MICHAEL LOWRY HAS defended not declaring land he has a share in in England, saying that he has never had any income from it, but if it is rezoned in the future he will declare it.
According to an investigation by Conor Ryan, investigative reporter with the Irish Examiner, Lowry failed to declare to the Dáil land he co-owns in Wigan, which the paper says is linked to a blackmail allegation investigated by the Moriarty Tribunal.
Speaking on Tipp FM today, Lowry said that the “the reality is that piece of land has sat still there for the last 11 years ” and has not provided any rental income. According to the Examiner, the site is registered in Lowry’s name and the name of his business partner Liam Carroll.
Lowry said the site “has been relcaimed by nature” and is “worthless” as it stands at the moment.
He said that last year Wigan council put out a development plan for the area, but he was told it was highly unlikely that his land would be included. He said the land is on the periphery of the plan. “It is in the general area but not in the specific area,” he explained.

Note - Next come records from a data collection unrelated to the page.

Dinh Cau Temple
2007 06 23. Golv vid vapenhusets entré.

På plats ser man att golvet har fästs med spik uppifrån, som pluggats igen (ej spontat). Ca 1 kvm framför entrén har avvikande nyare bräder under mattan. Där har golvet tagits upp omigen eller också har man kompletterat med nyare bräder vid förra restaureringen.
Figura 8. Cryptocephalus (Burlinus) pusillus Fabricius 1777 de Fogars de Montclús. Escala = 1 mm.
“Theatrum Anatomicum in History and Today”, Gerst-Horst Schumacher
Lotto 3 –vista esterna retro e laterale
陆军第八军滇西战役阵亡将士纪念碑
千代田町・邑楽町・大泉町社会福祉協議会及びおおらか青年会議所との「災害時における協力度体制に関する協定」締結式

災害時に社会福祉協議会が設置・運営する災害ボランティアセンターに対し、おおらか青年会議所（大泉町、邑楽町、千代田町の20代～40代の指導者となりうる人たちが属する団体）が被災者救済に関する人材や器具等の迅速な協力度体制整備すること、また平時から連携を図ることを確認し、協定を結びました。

That plan for that area is still under review. Lowry said they have made “no detailed submission of any description” on the land. He did say that if it was included in the development plan, which will happen next year or the year after, it would have a value and then he would have to include it in his interest.
Asked why he bought the land in 2001, he said “it looked like a good idea at the time and maybe it will be a good idea”. Lowry said that maybe in the next 5 – 10 years the land might be rezoned.
If it was rezoned in the future it would have a value and it would be declared.
The article reports that the land was probed by the Moriarty Tribunal, and that the agent, Kevin Phelan, was paid a finder’s fee of £65,000 stg. Lowry said that Phelan was paid the money because it was he who put together the various options which included in the region of around 8 – 10 landholders, and was paid for input into all the properties.
The Moriarty report found that the Tribunal was informed that the fees paid to Phelan were intended to draw a line under his involvement in the Vineacre project. Vineacre was a UK property company owned by Carroll and Lowry which has since been dissolved.